Was the zero day to blame at Equifax?
What an executive needs to know about the Equifax data breach
We have all read the headlines; Equifax was breached and your social security number, birthday, name, and a litany of other information is likely for sale to the highest bidder. Amidst the maelstrom of their confused and haphazard PR attempts to control the narrative their stock has plummeted and they have lost customer confidence.
If you read Equifax’s release on the subject they lay the fault for this breach at an Apache Struts vulnerability. It may seem attractive to react perhaps with an email to your IT security staff asking, “Do we use Apache Struts? Can this happen to us?”. However attractive that approach is, it completely misses the scope of the root cause. This was not a tactical issue surrounding the use of a particular vulnerable piece of software, instead it was a strategic failure of culture and focus.
The real questions are:
- Can this happen to my organization?
- How can I prevent this from happening at my organization?
The answers are:
- Almost certainly.
- Keep reading.
Make no mistake; the reason why 143 million consumers’ social security numbers are on sale on the dark web has very little to do with Apache Struts and everything to do with three items of IT culture:
- Deplorable Data Controls
- Minuscule Monitoring
- Checkbox IT Audits
Blaming Apache Struts for this breach is analogous to blaming a car with an empty oil pan for catastrophic failure. The issue is not the car; the issue is the driver who ran the engine while neglecting to check the oil and periodically take the car to a mechanic. Software has vulnerabilities. It is too complex to avoid them.
Every piece of software you use has critical security vulnerabilities. No one can rely on software being bereft of vulnerabilities in order to protect their assets.

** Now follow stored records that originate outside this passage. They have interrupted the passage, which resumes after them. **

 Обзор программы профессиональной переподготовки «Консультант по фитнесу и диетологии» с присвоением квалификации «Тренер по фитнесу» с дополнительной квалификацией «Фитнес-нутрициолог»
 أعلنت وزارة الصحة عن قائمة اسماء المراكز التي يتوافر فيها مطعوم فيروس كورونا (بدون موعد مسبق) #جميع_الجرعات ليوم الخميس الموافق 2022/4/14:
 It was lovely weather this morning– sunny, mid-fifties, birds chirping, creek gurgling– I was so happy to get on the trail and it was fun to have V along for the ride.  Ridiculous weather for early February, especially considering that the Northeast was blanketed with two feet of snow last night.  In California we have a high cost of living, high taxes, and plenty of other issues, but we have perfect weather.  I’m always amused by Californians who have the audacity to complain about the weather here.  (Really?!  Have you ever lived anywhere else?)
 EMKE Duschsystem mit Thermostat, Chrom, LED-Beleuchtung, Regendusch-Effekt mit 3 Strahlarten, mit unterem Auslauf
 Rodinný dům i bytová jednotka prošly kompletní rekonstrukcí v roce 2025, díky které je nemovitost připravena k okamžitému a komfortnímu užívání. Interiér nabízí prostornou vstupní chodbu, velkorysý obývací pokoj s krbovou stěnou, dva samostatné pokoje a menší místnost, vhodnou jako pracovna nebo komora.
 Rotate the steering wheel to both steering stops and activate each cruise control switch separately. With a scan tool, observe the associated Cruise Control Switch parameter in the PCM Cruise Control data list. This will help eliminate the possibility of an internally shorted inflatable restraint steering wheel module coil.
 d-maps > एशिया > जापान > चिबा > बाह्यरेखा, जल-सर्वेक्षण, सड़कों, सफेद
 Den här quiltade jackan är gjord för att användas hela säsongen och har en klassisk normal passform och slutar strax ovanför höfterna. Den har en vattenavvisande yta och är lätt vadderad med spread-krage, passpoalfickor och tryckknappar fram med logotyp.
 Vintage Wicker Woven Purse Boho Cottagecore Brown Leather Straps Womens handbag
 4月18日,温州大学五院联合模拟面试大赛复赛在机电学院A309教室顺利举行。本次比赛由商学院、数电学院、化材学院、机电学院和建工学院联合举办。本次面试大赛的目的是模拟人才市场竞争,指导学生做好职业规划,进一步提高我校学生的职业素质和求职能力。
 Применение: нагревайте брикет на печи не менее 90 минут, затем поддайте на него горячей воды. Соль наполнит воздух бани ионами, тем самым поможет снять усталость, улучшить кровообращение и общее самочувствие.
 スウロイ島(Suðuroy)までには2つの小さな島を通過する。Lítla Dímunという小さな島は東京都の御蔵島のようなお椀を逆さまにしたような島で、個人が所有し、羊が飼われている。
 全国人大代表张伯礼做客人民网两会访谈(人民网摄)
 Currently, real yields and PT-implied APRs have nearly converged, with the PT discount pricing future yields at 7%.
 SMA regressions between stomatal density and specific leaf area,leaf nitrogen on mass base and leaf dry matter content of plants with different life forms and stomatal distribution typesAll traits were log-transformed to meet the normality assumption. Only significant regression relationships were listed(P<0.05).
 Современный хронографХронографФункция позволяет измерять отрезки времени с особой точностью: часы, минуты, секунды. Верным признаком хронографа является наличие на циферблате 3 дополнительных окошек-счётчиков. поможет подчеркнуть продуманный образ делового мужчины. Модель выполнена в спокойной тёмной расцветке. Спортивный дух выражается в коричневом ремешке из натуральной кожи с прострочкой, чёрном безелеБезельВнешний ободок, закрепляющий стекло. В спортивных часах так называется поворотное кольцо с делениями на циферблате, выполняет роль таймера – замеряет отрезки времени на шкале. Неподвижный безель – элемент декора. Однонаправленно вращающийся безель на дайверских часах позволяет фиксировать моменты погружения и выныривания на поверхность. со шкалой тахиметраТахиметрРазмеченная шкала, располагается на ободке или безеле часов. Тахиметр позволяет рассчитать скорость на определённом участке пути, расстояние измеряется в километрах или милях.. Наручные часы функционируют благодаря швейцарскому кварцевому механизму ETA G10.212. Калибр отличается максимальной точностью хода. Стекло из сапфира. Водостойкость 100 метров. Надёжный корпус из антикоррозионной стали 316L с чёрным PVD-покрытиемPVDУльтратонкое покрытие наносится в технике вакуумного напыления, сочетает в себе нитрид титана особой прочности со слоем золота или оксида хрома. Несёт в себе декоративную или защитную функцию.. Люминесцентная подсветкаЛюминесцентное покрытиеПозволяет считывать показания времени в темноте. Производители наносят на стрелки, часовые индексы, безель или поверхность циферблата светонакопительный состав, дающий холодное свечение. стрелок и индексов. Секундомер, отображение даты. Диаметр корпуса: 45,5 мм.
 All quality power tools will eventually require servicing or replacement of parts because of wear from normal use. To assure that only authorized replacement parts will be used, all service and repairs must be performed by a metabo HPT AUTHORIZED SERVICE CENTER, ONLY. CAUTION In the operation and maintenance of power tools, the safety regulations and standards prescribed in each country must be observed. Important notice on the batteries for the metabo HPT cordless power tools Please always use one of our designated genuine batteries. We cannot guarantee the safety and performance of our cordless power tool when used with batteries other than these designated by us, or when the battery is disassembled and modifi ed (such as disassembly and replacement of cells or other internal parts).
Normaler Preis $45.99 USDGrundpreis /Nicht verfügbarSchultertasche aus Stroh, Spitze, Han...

Data controls are what prevent irresponsible IT “drivers” from driving without oil. Frequently referred to as roadblocks, they are instead risk-blocks that prevent costly breaches through preventing unsafe configurations. Just like car manuals or next-oil-change stickers, data controls are written policies adhered to by an organization because while they may slow deployment, the risk they reduce is more valuable than the immediacy of the “next big thing”.
Monitoring is what tells us that the oil is low and that current operation is permitting catastrophic failure. Just like a dipstick or check-engine light indicating imminent or current failure, monitoring would have alerted Equifax that their customers’ private data was being exfiltrated from their datacenter to reside on the dark web. Monitoring is what alerts us to breaches and warns us to turn off the car to prevent further damage.
Identical to taking your car to a mechanic for periodic checkups, thorough IT audits permit objective outsiders to assess the current status of your IT security posture. Instead of meaningful audits however, it is more frequent that only haphazard checkbox surveys are completed, leading over time to a decline in security posture due to ever-evolving threats. A trusted mechanic informs you of dangerous conditions early, inhibiting overall impact, a true IT security audit does the same.
Be an Agent of Change
Equifax rolled the dice with insufficient controls, monitoring, and auditing. For as long as we, the industry, treat these breaches as tactical situations (“Do we use struts?”) instead of strategic IT cultural issues, breaches will continue to grow in frequency and in magnitude.
How can you prevent this in your organization? Be an agent of change that affirms the necessity of strategic IT security focus instead of merely “latest breach” tactical response. Invest focus, initiative, and budget at an executive level in controls, monitoring, and external audits.